I’m enormously pleased about this because for the last two and a half years I’ve been working as a Software Development Engineer in Test (SDET) on the Windows Fundamentals Reliability team. I joined the team (and Microsoft) right as Windows 7 development was getting underway and have been immersed in our work on it ever since.
Throughout the development cycle the Reliability team was responsible for driving reliability improvements across Windows as a whole. We tackled this with a range of approaches, one of which was implementing new reliability-related features within Windows. I owned the testing responsibilities for three of these. All three are low-level infrastructure features that won’t be mentioned in an ad campaign, but each has been given some level of exposure as Windows 7 architecture has been discussed and reviewed in the run-up to its release.

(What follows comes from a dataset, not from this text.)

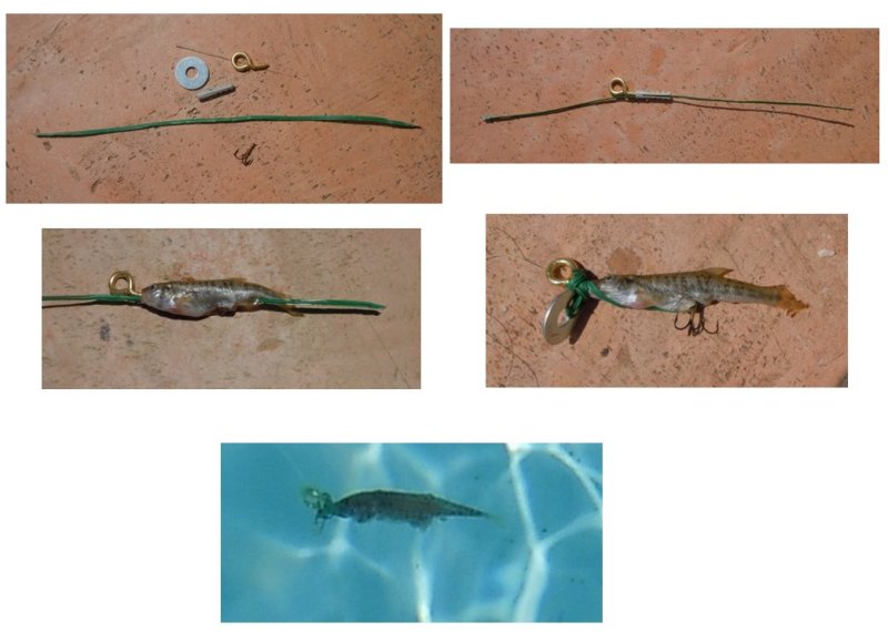 Montage : on passe le fil de fer dans la cheville, on visse le piton, le fil de fer est ainsi solidaire du piton. On perce ensuite le vairon avec le fil de fer, dans le sens gueule vers queue puis on enfonce la cheville dans la gueule du vairon,

RADAR – Automatic memory leak detection
RADAR automatically detects memory leaks in processes running on a Windows 7 system. Most of the public documentation about this feature is an interview that three of my colleagues and I gave to MSDN’s Channel 9. We got to dive into RADAR’s architecture and the impact it has had on Windows 7 throughout its development. The C9 page for the interview has a nice summary of RADAR:
RADAR is a memory leak detection technology built into Windows 7 and integrated with Watson (error reporting) and AutoBug (automatic bug filing). It allows Microsoft product teams and third parties to discover and fix memory leaks early in the product cycle and after release. Since RADAR runs on customer machines, leaks can be caught during public betas, after release, and by third parties, thus ridding the entire ecosystem of memory leaks. RADAR-shipped components are highly optimized to have no appreciable performance impact.

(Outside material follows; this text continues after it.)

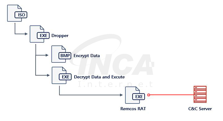 ISO 확장자로 압축된 파일 내부에는 PDF파일로 위장한 실행파일이 존재하는데, 해당 파일이 실행되면 암호화된 ‘F.bmp’ 이미지 파일과 ‘TVcard.exe’ 파일을 드롭 하고 실행한다. ‘TVcard.exe’가 실행되면 ‘F.bmp’ 파일을 복호화 해서 메모리상에 dll를 생성하고 로드한다. 그리고 암호화된 dll의 리소스 영역을 복호화 해 최종적으로 ‘Remcos RAT’ 악성코드를 실행한다. 해당 악성코드는 C&C 서버와 연결을 시도하며 원격 명령을 수행하지만 현재 서버가 차단되어 실제 동작은 하지 않는다.

The talk is archived here: Inside Windows 7: RADAR – Windows Automatic Memory Leak Detection.
Fault Tolerant Heap (FTH)
Fault Tolerant Heap (FTH) was, in a lot of ways, the most fascinating of all three features to work on. FTH monitors application crashes on a Windows 7 system. When it thinks it can help FTH applies mitigations on a per-application basis to try to prevent future crashes. The development lead for the project, Silviu Calinoiu, did a great interview with C9 that went into detail about how exactly FTH goes about its crash prevention.
Silviu’s talk is archived here: Silviu Calinoiu: Inside Windows 7 – Fault Tolerant Heap.
One potential complication for FTH is that developers who are working on a new app may not want FTH’s help – they want their test app to crash so that they can find the problem and fix it. MSDN has a page that discusses how devs can check whether FTH has been enabled for a particular app and, if they choose, disable FTH entirely on a test machine. See here: Fault Tolerant Heap (Windows).
Process Reflection
Process reflection is a way for a monitor application to clone, or reflect, some target process. Once the operation is complete the clone, or reflection, process has a complete copy of the original target process’s address space which can then be analyzed or dumped to disk for later analysis. Even better, the target process doesn’t have to be suspended or terminated to be reflected which makes process reflection tremendously useful for gathering data from long-running processes like background services or the user shell. Mark Russinovich briefly discusses process reflection and shows a nice demo of it in action in another C9 talk that just went up today: Mark Russinovich- Inside Windows 7 Redux. He starts talking about process reflection at around the 31:00 mark. He also updated his SysInternals procdump tool to optionally use reflection for creating dumps. The updated procdump is available here.
It’s been a tremendously satisfying and humbling two and a half years working on Windows 7 together with a great set of colleagues from all over the world. I can’t wait to see what the next two and a half years will bring!